The problem: Word for word, quote the lines from the one containing "接著,楊海明先生發表講話,他" to the end of the entries below, including both. Leave pictures out.

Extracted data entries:
[Start of Attachment]

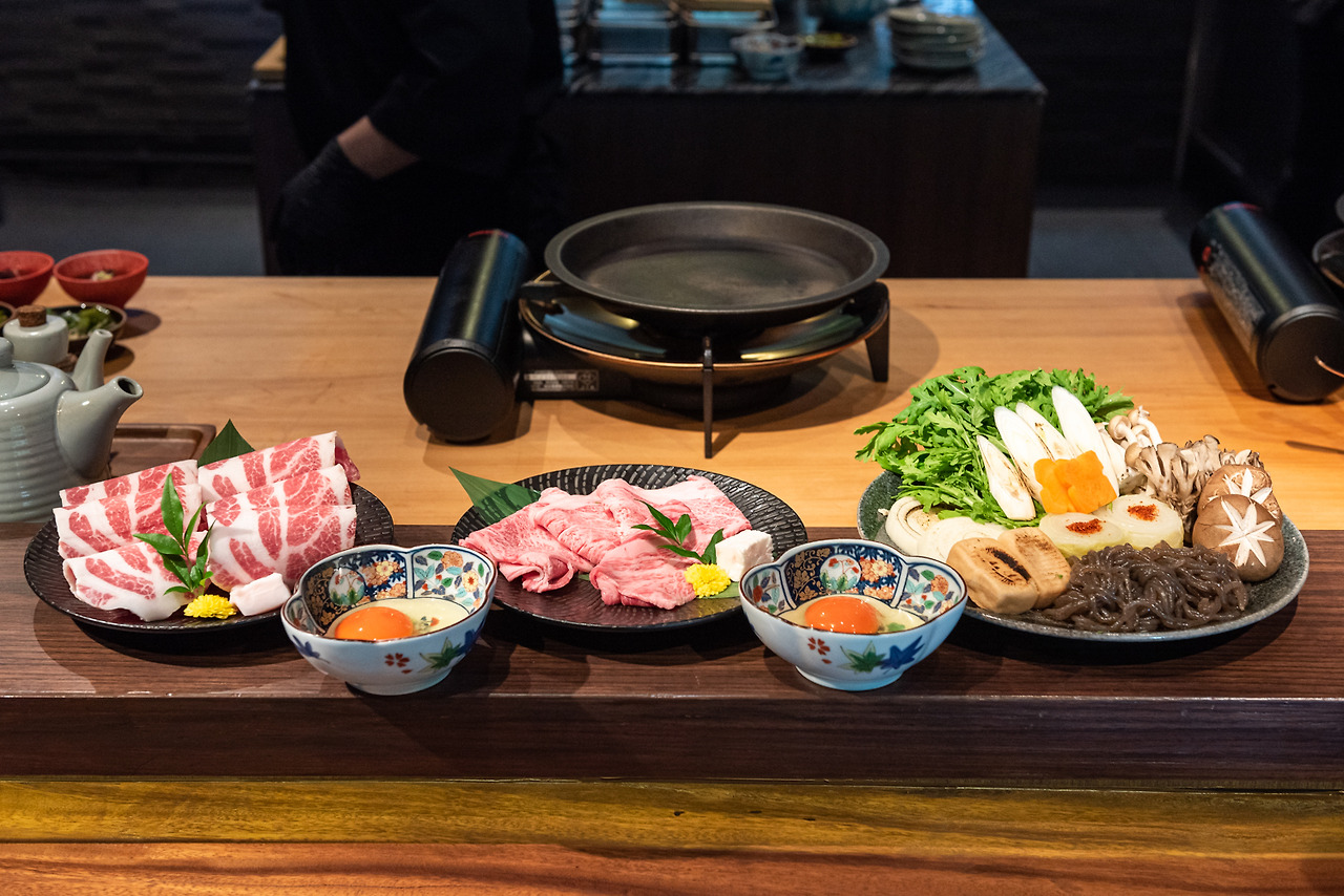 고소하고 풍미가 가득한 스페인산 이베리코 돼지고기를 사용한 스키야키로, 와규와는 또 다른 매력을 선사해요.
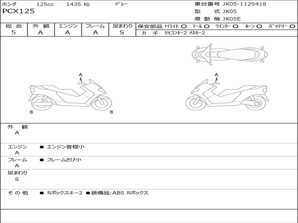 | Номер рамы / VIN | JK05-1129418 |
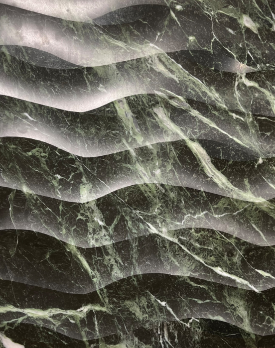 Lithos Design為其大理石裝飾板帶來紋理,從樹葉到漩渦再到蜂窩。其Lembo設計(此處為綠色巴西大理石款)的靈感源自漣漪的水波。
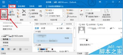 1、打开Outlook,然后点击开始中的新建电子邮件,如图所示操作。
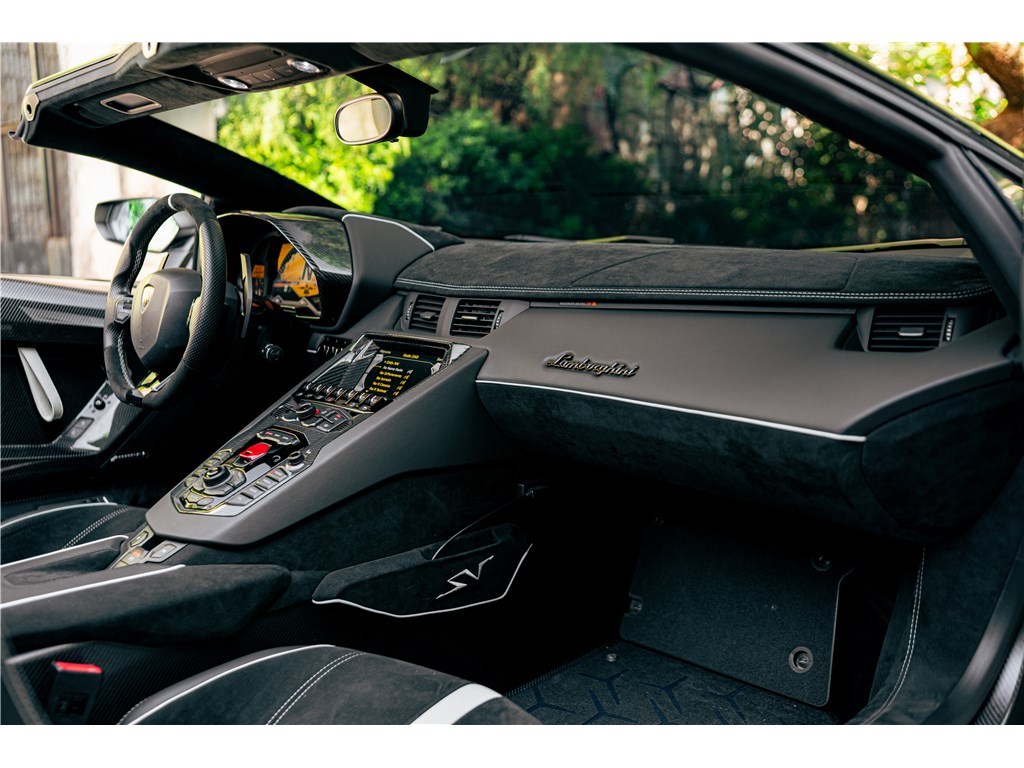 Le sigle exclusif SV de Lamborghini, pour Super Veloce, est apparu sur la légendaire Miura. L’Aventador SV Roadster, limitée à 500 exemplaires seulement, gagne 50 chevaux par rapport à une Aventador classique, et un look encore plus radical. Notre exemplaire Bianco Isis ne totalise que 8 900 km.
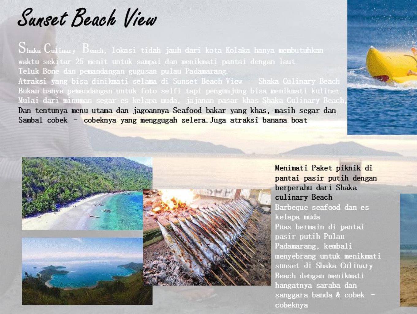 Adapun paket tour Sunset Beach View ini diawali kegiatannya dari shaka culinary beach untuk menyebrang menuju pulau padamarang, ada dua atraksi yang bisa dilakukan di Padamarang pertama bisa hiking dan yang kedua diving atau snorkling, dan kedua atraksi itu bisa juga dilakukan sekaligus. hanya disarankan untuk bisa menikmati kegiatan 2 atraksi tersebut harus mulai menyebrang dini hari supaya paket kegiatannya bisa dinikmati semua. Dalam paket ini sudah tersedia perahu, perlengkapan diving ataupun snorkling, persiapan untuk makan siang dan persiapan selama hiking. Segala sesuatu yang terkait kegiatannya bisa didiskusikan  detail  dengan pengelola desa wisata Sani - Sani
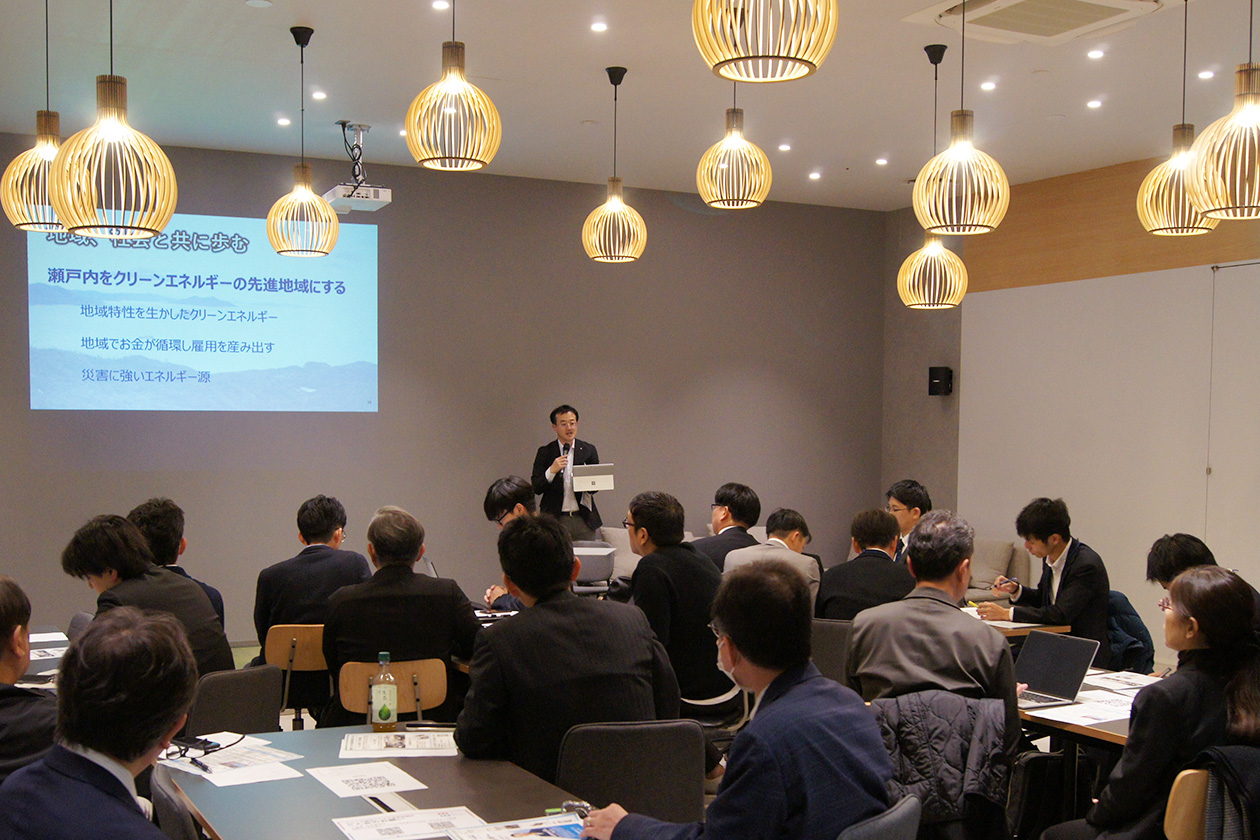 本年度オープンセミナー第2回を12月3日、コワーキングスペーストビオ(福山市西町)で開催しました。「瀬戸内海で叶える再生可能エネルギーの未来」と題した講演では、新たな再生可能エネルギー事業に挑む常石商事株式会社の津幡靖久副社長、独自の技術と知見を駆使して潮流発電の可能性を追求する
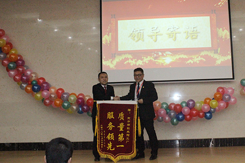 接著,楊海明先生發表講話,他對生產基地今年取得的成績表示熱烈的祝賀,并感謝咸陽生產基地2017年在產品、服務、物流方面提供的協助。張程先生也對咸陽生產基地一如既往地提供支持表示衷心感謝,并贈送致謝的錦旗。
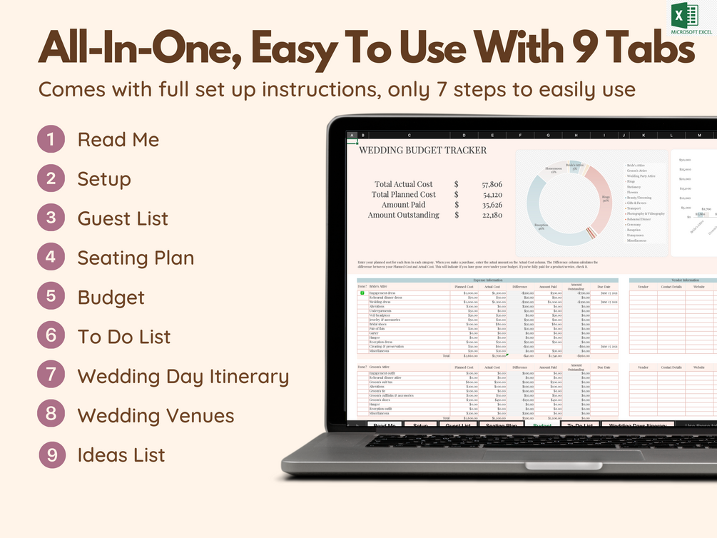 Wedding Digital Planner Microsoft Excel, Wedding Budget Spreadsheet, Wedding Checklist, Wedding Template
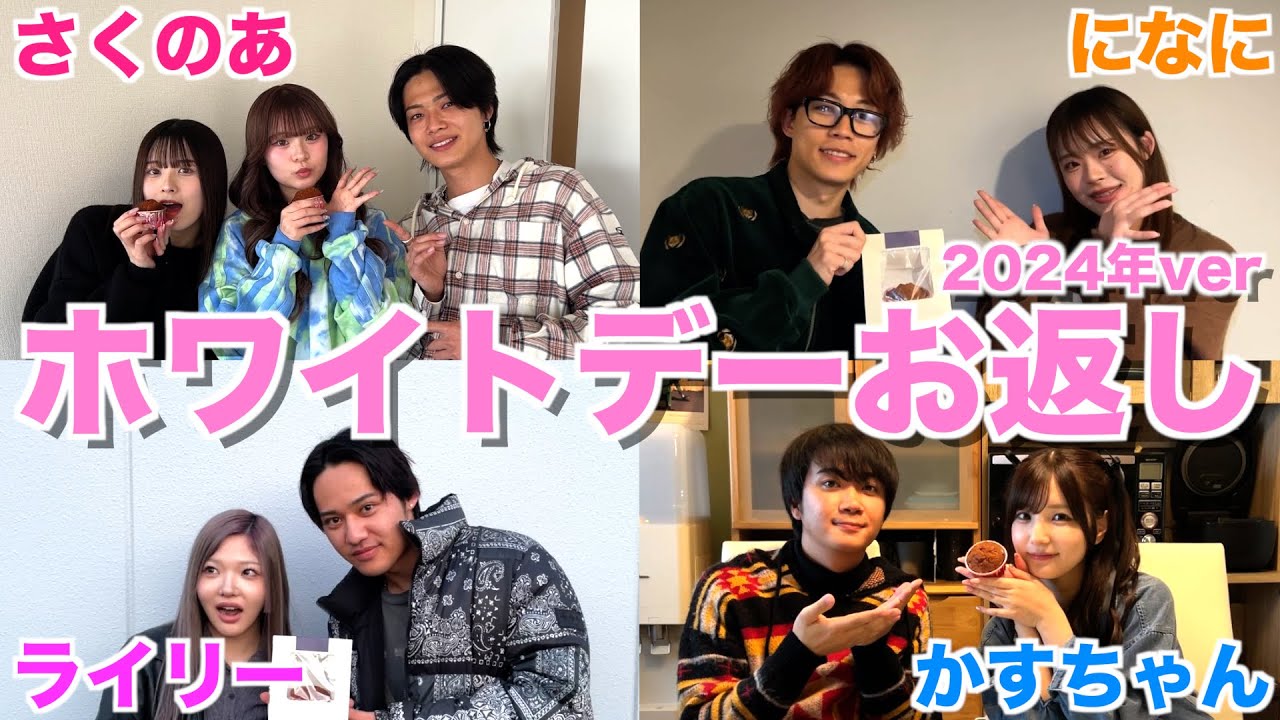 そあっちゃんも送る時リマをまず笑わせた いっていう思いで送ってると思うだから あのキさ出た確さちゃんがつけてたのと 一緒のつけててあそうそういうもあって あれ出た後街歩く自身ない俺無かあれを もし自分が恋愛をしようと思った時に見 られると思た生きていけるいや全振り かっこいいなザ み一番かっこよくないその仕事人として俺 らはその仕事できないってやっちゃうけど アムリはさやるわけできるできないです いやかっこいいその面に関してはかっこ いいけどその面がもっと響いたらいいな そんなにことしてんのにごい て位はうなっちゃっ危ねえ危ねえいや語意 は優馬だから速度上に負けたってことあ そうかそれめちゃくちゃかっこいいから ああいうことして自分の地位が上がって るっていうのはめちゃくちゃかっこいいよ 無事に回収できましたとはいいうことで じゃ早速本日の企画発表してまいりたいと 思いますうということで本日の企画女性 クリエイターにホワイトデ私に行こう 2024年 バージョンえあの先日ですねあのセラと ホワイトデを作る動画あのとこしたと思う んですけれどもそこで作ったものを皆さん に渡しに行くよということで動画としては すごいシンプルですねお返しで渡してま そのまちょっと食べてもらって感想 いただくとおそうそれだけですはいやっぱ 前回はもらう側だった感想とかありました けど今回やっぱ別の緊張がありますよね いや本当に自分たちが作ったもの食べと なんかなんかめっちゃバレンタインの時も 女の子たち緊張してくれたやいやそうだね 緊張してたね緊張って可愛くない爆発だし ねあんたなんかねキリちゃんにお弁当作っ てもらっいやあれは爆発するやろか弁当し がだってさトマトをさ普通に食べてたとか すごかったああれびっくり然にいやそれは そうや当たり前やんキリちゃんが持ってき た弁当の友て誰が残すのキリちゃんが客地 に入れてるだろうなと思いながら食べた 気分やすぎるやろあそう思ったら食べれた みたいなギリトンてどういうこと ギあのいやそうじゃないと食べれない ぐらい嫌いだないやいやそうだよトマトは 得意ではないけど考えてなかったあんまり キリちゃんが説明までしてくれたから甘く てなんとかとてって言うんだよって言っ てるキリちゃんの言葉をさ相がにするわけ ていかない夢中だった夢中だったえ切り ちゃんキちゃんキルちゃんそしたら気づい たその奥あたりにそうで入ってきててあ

[End of Attachment]

Reply to the task:
 接著,楊海明先生發表講話,他對生產基地今年取得的成績表示熱烈的祝賀,并感謝咸陽生產基地2017年在產品、服務、物流方面提供的協助。張程先生也對咸陽生產基地一如既往地提供支持表示衷心感謝,并贈送致謝的錦旗。
 Wedding Digital Planner Microsoft Excel, Wedding Budget Spreadsheet, Wedding Checklist, Wedding Template
 そあっちゃんも送る時リマをまず笑わせた いっていう思いで送ってると思うだから あのキさ出た確さちゃんがつけてたのと 一緒のつけててあそうそういうもあって あれ出た後街歩く自身ない俺無かあれを もし自分が恋愛をしようと思った時に見 られると思た生きていけるいや全振り かっこいいなザ み一番かっこよくないその仕事人として俺 らはその仕事できないってやっちゃうけど アムリはさやるわけできるできないです いやかっこいいその面に関してはかっこ いいけどその面がもっと響いたらいいな そんなにことしてんのにごい て位はうなっちゃっ危ねえ危ねえいや語意 は優馬だから速度上に負けたってことあ そうかそれめちゃくちゃかっこいいから ああいうことして自分の地位が上がって るっていうのはめちゃくちゃかっこいいよ 無事に回収できましたとはいいうことで じゃ早速本日の企画発表してまいりたいと 思いますうということで本日の企画女性 クリエイターにホワイトデ私に行こう 2024年 バージョンえあの先日ですねあのセラと ホワイトデを作る動画あのとこしたと思う んですけれどもそこで作ったものを皆さん に渡しに行くよということで動画としては すごいシンプルですねお返しで渡してま そのまちょっと食べてもらって感想 いただくとおそうそれだけですはいやっぱ 前回はもらう側だった感想とかありました けど今回やっぱ別の緊張がありますよね いや本当に自分たちが作ったもの食べと なんかなんかめっちゃバレンタインの時も 女の子たち緊張してくれたやいやそうだね 緊張してたね緊張って可愛くない爆発だし ねあんたなんかねキリちゃんにお弁当作っ てもらっいやあれは爆発するやろか弁当し がだってさトマトをさ普通に食べてたとか すごかったああれびっくり然にいやそれは そうや当たり前やんキリちゃんが持ってき た弁当の友て誰が残すのキリちゃんが客地 に入れてるだろうなと思いながら食べた 気分やすぎるやろあそう思ったら食べれた みたいなギリトンてどういうこと ギあのいやそうじゃないと食べれない ぐらい嫌いだないやいやそうだよトマトは 得意ではないけど考えてなかったあんまり キリちゃんが説明までしてくれたから甘く てなんとかとてって言うんだよって言っ てるキリちゃんの言葉をさ相がにするわけ ていかない夢中だった夢中だったえ切り ちゃんキちゃんキルちゃんそしたら気づい たその奥あたりにそうで入ってきててあ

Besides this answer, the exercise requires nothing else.